Before starting the following procedures, the administrator must:

  • Set up the external port to the cluster networking environment so that requests can reach the cluster.

  • Make sure there is at least one user with cluster admin role. To add this role to a user, run the following command:

    oc adm policy add-cluster-role-to-user cluster-admin username
  • Have an OpenShift Container Platform cluster with at least one master and at least one node and a system outside the cluster that has network access to the cluster. This procedure assumes that the external system is on the same subnet as the cluster. The additional networking required for external systems on a different subnet is out-of-scope for this topic.

Creating a project and service

If the project and service that you want to expose do not exist, first create the project, then the service.

If the project and service already exist, skip to the procedure on exposing the service to create a route.

Prerequisites
  • Install the oc CLI and log in as a cluster administrator.

Procedure
  1. Create a new project for your service:

    $ oc new-project <project_name>

    For example:

    $ oc new-project myproject
  2. Use the oc new-app command to create a service. For example:

    $ oc new-app \
        -e MYSQL_USER=admin \
        -e MYSQL_PASSWORD=redhat \
        -e MYSQL_DATABASE=mysqldb \
        registry.redhat.io/rhscl/mysql-80-rhel7
  3. Run the following command to see that the new service is created:

    $ oc get svc -n myproject
    NAME             TYPE        CLUSTER-IP     EXTERNAL-IP   PORT(S)    AGE
    mysql-80-rhel7   ClusterIP   172.30.63.31   <none>        3306/TCP   4m55s

    By default, the new service does not have an external IP address.

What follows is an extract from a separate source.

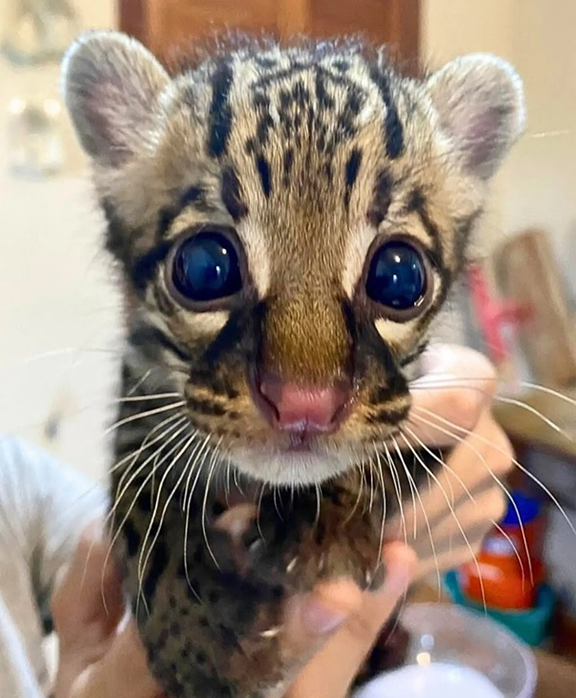 Двухмесячный оцелот по имени Рекс живет в ветеринарном центре в Коста-Рике. Люди нашли его одного, на обочине дороги. Ветеринары надеются, что малыш подрастет, и сможет вернуться в дикую природу. Photograph: International Animal Rescue UK

Exposing the service by creating a route

You can expose the service as a route by using the oc expose command.

Procedure

To expose the service:

  1. Log in to OpenShift Container Platform.

  2. Log in to the project where the service you want to expose is located:

    $ oc project project1
  3. Run the following command to expose the route:

    $ oc expose service <service_name>

    For example:

    $ oc expose service mysql-80-rhel7
    route "mysql-80-rhel7" exposed
  4. Use a tool, such as cURL, to make sure you can reach the service using the cluster IP address for the service:

    $ curl <pod_ip>:<port>

    For example:

    $ curl 172.30.131.89:3306

    The examples in this section use a MySQL service, which requires a client application. If you get a string of characters with the Got packets out of order message, you are connected to the service.

    If you have a MySQL client, log in with the standard CLI command:

    $ mysql -h 172.30.131.89 -u admin -p
    Enter password:
    Welcome to the MariaDB monitor.  Commands end with ; or \g.